I am authoring a jQuery plugin to enhance drop down selects;
UFD: The Unobtrusive Fast-filter Drop-down. Try it out easily on your own app with
the bookmarklet. Be amazed. Show your friends.
One of the important requirements was filtering of the the drop down options from the input. The naive way to do this is a linear search through each list item, but this is
way too slow for large lists; the list needs to be re-filtered after every keystroke.
I decided on a
Trie implementation, which gives great prefix search performance. A Trie stores objects on a tree, constructed by slicing the key-string for each object into characters. Starting at the root, each character maps to a node - see the incoming vertex in the diagram below.
Each node has a map of character to child nodes, and an optional target object. Target objects are placed where the chain of characters maps to the objects key, so you can easily traverse the nodes with a key-string to find a given the target object. The structure is a tree, but the path to a given object is similar to a linked list of each character in the key string.
The blue nodes are ones that have objects on them - in this example we see the words:
to,tea,ted,ten,it,int,into. Notice how objects are on the leaf nodes, unless their key is a substring of another key.
It is easy to see how we can do quick prefix searching:start at the root node (which represents the empty string) and traverse the nodes, consuming each character of the key prefix string. Once the prefix key string is consumed, that subtree has all the matches of the given key prefix.

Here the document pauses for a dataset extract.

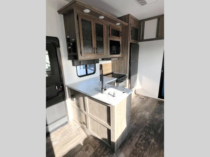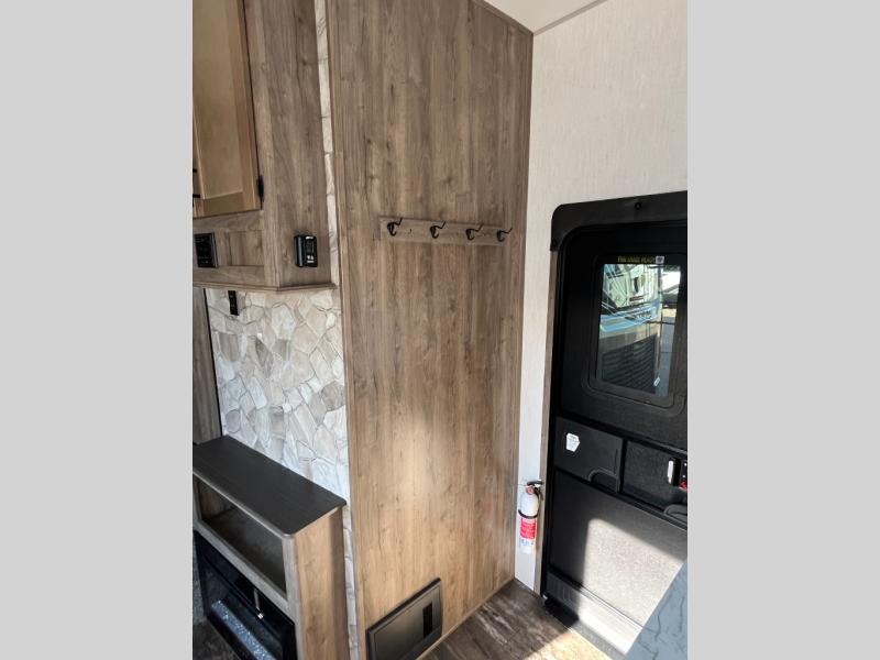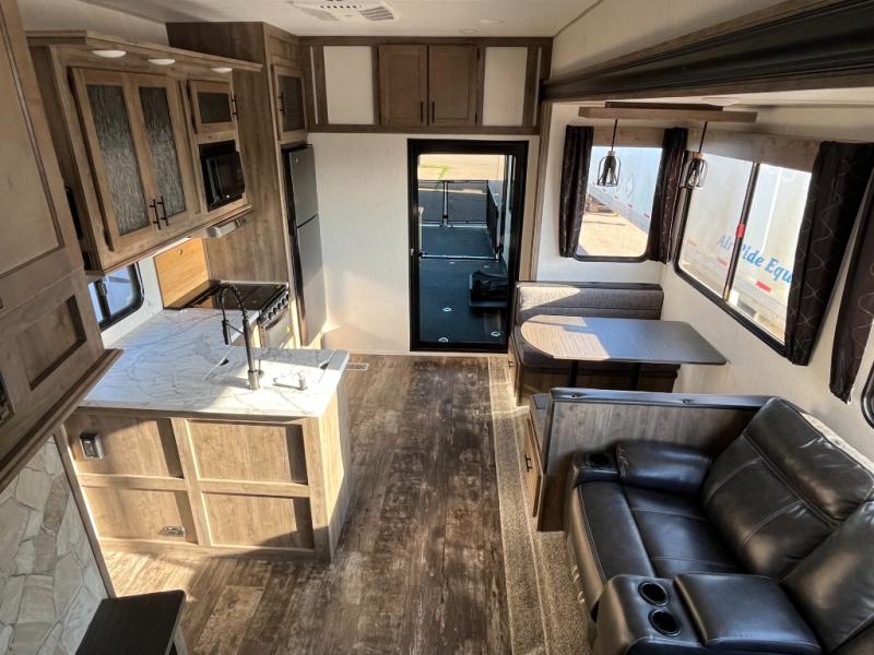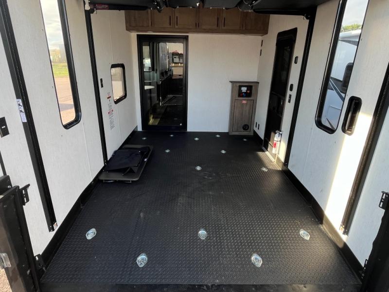 With dual entry doors, you will experience a smooth flow of traffic in and out of this toy hauler! One of the entrances leads into the 12' garage area with a folding dinette table below a Happijac bed lift system, and an area prepped to add an optional washer and dryer. The chef will have everything they need to prepare their best home cooked meals indoors or they can head to the outside kitchen to breathe in some fresh air while they cook. Gather together at the booth dinette for game night or relax on the sofa across from the entertainment center with a fireplace. When you're ready to wind down your nights, clean up in the dual entry bathroom with the radius shower then head directly into the front private bedroom where you can rest your head on the 67" x 74" Wolf Pack king bed!

But what if we want to find all nodes that have a given key
infix? After failing to find a better data structure, I decided to hack an extension to the data structure.

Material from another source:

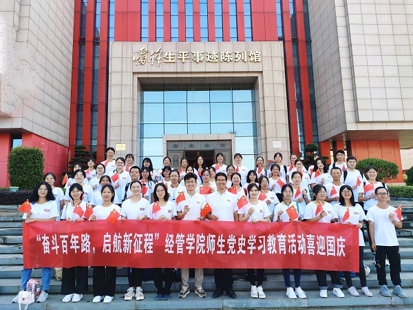 为庆祝中华人民共和国72岁华诞,激发学生爱国热情,加深学生对党史的了解,传承红色的基因。10月1日上午九点,经济与管理学院辅导员王宝宝、戴逢哲组织2021级50名本科生、研究生新生前往湖南省党史陈列馆进行参观学习。

Is there a better data structure that I should be using? Suggestions welcome. Anyway:
Instead of starting at the root node, we need an array of start points. During creation I put a reference to each new node in a list. There is one list for every unique character across the whole key set. This means that
each list has references to all nodes of that character. These lists of start points are called the infixRoots.
Yes, some of these lists could be quite large. For example, the "e" list for a 1000-item list may have over 1000 items.
Lets look at a filtering example: lets search for the objects that match the infix key "to".
We start by getting the infix list matching the start character ("t") from the infixRoots set. The highlighted nodes and all of their child nodes, by definition, have "t" in their key - no surprises there.
We next iterate over the that list of "t" nodes, creating a new list with child nodes that match the next character; "o". Any node without a match is not added to the new list. We keep iteratively mapping node lists from one character to the next, until we consume the infix keys' characters.
The nodes left in the final set,
and all of their child nodes, all are matches. Iterate over each subtree and get the attached objects. In our example above, the nodes representing
to,into are found. Had the key
top been in the tree, it would also match, as it would be a child of
to.
Have a look at the
javascript implementation for UFD, the InfixTrie is a self-contained prototype inside the source near the bottom.